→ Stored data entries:
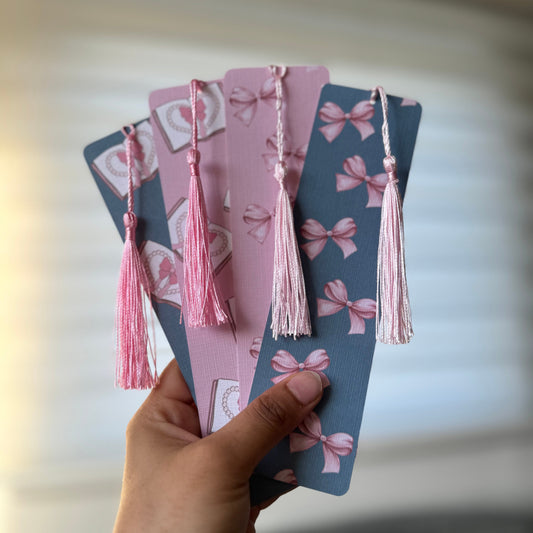 Set of 4 Bow Bookmark for Book Lovers , set of 4 Linen Bookmark, Aesthetic Girly Bookish Bow bookmark, Pink bows bookmark
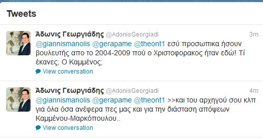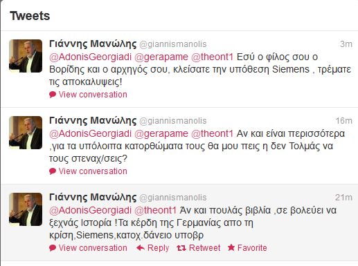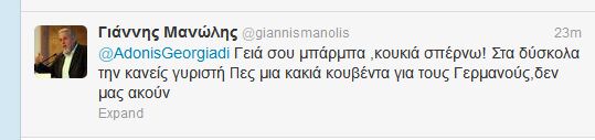 Για άλλη μία φορά ο  Άδωνις Γεωργιάδης και Γιάννης Μανώλης αντάλλαξαν “καρφιά” μέσω Twitter. Ο “καυγάς” ξεκίνησε από ένα σχόλιο του Μανώλη:
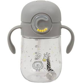 Com canudo retrátil, duas alças ergonômicas e chocalho de bolinhas.
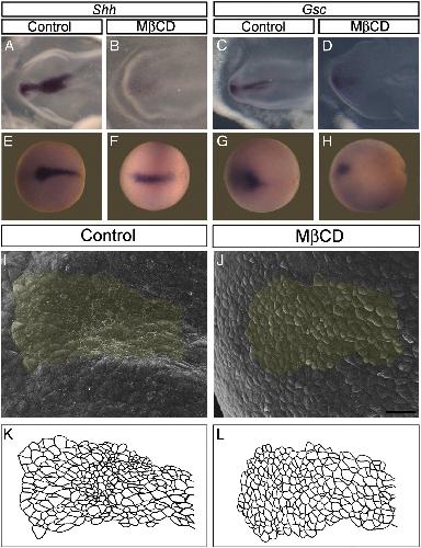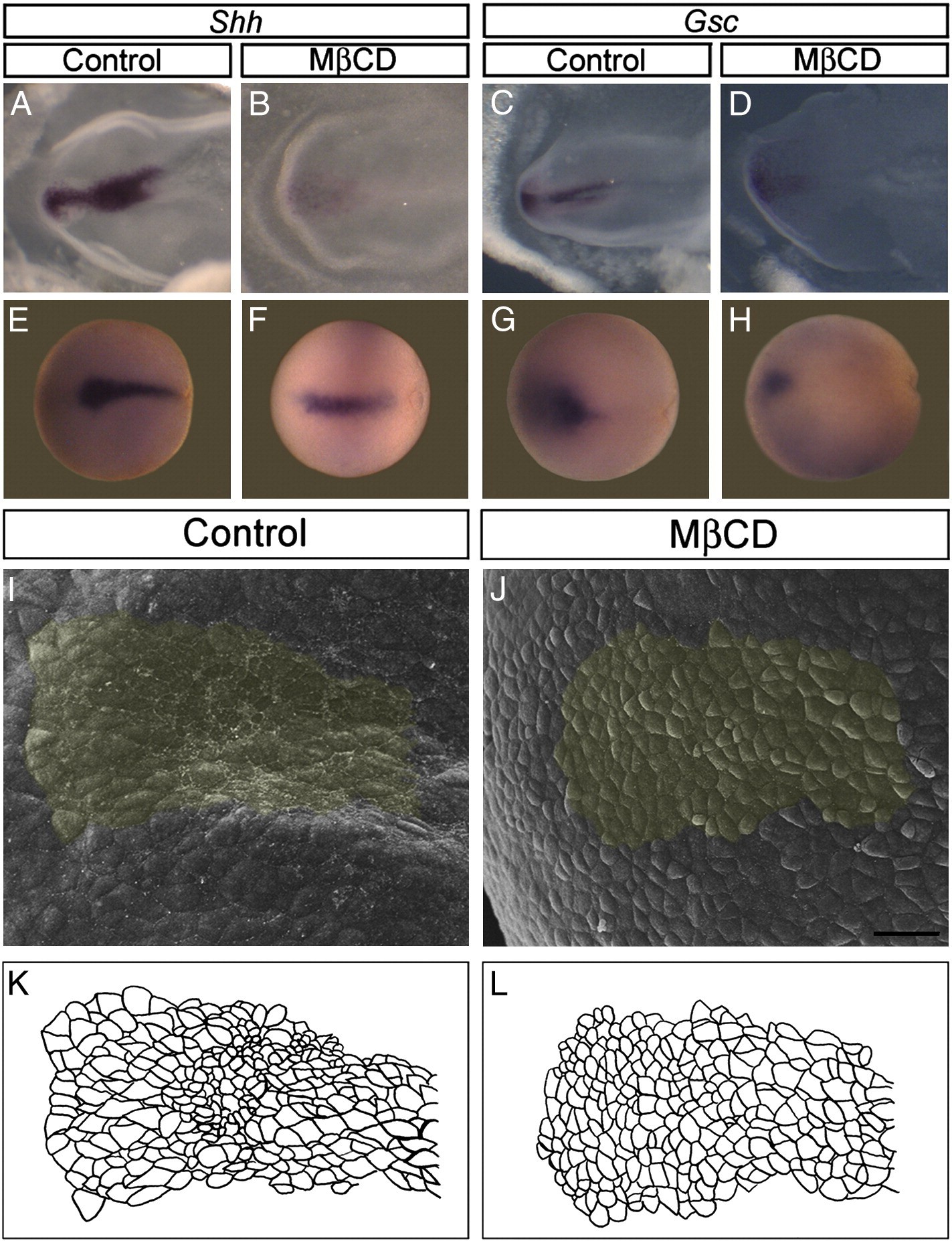 Fig. 6. The prechordal plate is defectively formed in MβCD-injected embryos. Chick embryo in situ hybridization for the PcP markers Shh (A and B) and Gsc (C and D) shows reduction of these PcP markers in MβCD-treated embryos. In Xenopus embryos, the anterior expression of Shh and Gsc is also reduced (E). Scanning Electron micrographs of the outer side of the neural plate of Xenopus embryos show polarized cells and a rosette-like arrangement in the control (I), while this morphology is lost by cholesterol depletion (J). Schematic drawing highlights the morphology of the anterior midline cells from control (K) and MβCD-injected embryos (L). Schematic drawing was artificially colored in photomicrographs I and J. Scale bar: 50 μm.
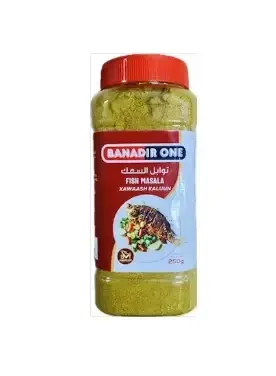Banadir One Fish Masala Powder 250 g — A vibrant, aromatic spice blend specially crafted to elevate fish dishes. With a perfect balance of heat, citrus, and savoury notes, this masala infuses your seafood with depth and richness. Ideal for grilling, baking, frying, or marinating — bring restaurant flavour to your kitchen effortlessly.

→ To do: Starting with the line that contains "Για άλλη μία" and ending with the last line of the data above, transcribe exactly those lines and no others, without pictures.

→ Response to the exercise:
 Για άλλη μία φορά ο  Άδωνις Γεωργιάδης και Γιάννης Μανώλης αντάλλαξαν “καρφιά” μέσω Twitter. Ο “καυγάς” ξεκίνησε από ένα σχόλιο του Μανώλη:
 Com canudo retrátil, duas alças ergonômicas e chocalho de bolinhas.
 Fig. 6. The prechordal plate is defectively formed in MβCD-injected embryos. Chick embryo in situ hybridization for the PcP markers Shh (A and B) and Gsc (C and D) shows reduction of these PcP markers in MβCD-treated embryos. In Xenopus embryos, the anterior expression of Shh and Gsc is also reduced (E). Scanning Electron micrographs of the outer side of the neural plate of Xenopus embryos show polarized cells and a rosette-like arrangement in the control (I), while this morphology is lost by cholesterol depletion (J). Schematic drawing highlights the morphology of the anterior midline cells from control (K) and MβCD-injected embryos (L). Schematic drawing was artificially colored in photomicrographs I and J. Scale bar: 50 μm.
Banadir One Fish Masala Powder 250 g — A vibrant, aromatic spice blend specially crafted to elevate fish dishes. With a perfect balance of heat, citrus, and savoury notes, this masala infuses your seafood with depth and richness. Ideal for grilling, baking, frying, or marinating — bring restaurant flavour to your kitchen effortlessly.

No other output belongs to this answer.